YOUR ASSIGNMENT>
Would you transcribe exactly the lines from the beginning of the records below through the line with "WHITE, BLUE, RED, 1986, enamel", both included, omitting the pictures?

(Stored entries)
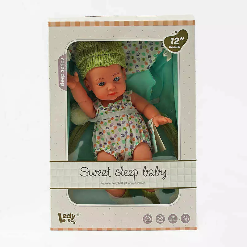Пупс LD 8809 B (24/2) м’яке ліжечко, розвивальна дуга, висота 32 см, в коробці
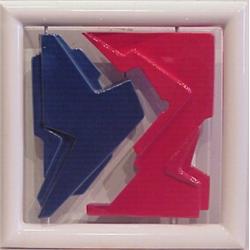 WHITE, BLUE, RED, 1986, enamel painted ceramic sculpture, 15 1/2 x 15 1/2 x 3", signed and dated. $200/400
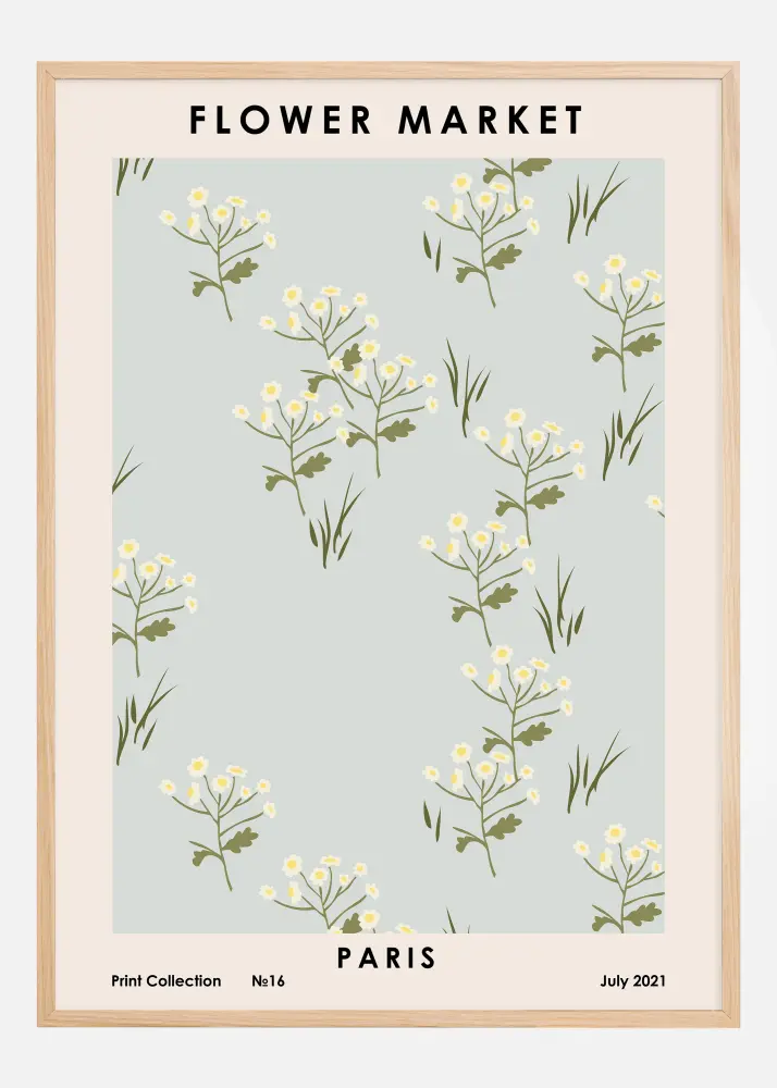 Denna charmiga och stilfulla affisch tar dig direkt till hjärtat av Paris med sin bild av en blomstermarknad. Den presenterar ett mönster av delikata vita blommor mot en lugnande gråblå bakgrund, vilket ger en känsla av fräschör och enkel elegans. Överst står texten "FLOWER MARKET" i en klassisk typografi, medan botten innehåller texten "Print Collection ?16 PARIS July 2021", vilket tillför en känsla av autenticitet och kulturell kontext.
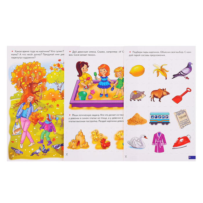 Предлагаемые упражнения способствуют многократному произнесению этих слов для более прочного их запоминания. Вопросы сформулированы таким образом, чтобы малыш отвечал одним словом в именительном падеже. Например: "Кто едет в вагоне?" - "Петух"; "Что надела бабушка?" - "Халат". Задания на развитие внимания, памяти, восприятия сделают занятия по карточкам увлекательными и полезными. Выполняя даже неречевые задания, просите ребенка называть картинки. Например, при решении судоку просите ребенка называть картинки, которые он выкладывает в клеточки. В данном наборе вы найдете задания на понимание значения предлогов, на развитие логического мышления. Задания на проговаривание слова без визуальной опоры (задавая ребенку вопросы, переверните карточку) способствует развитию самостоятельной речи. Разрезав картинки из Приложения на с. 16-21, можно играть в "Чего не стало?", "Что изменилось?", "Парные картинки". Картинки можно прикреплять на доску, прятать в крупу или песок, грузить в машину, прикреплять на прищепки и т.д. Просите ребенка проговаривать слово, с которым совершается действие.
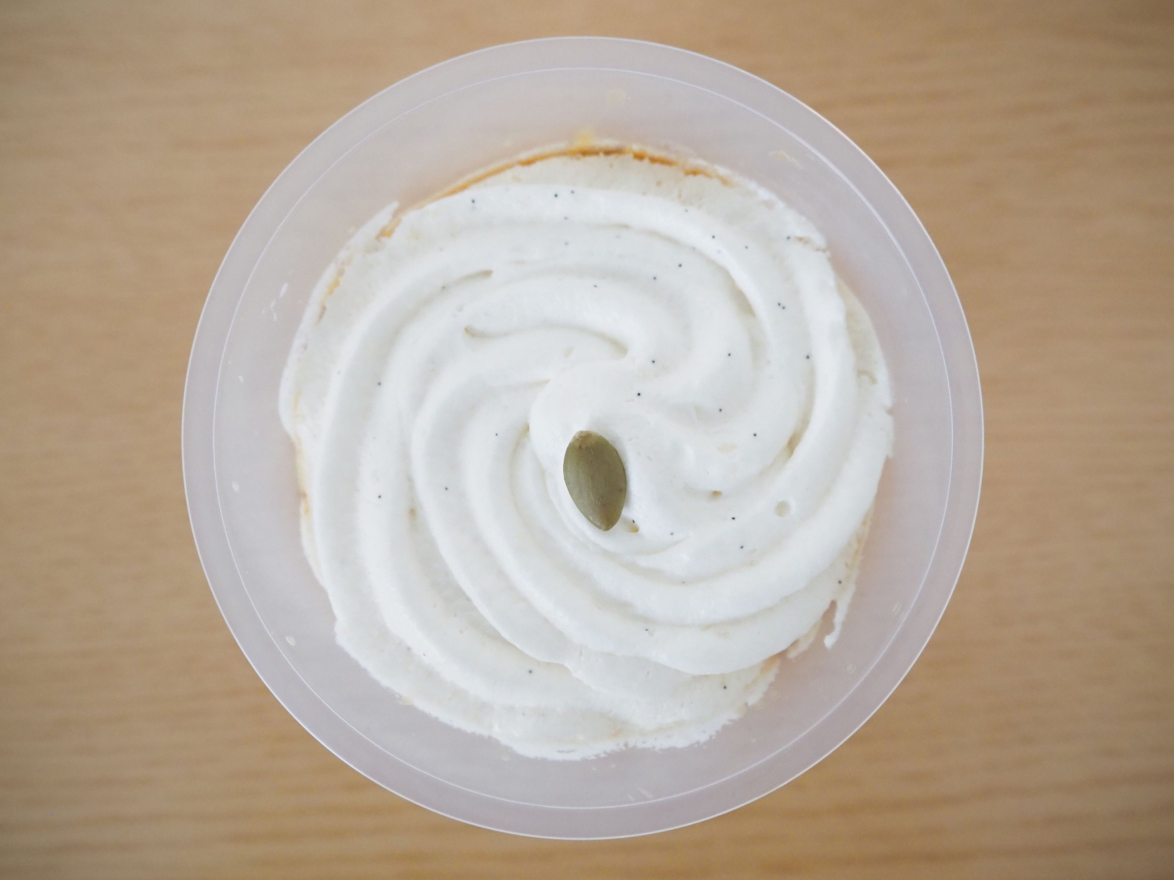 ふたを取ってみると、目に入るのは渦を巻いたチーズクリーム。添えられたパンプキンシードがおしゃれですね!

YOUR RESPONSE>
Пупс LD 8809 B (24/2) м’яке ліжечко, розвивальна дуга, висота 32 см, в коробці
 WHITE, BLUE, RED, 1986, enamel painted ceramic sculpture, 15 1/2 x 15 1/2 x 3", signed and dated. $200/400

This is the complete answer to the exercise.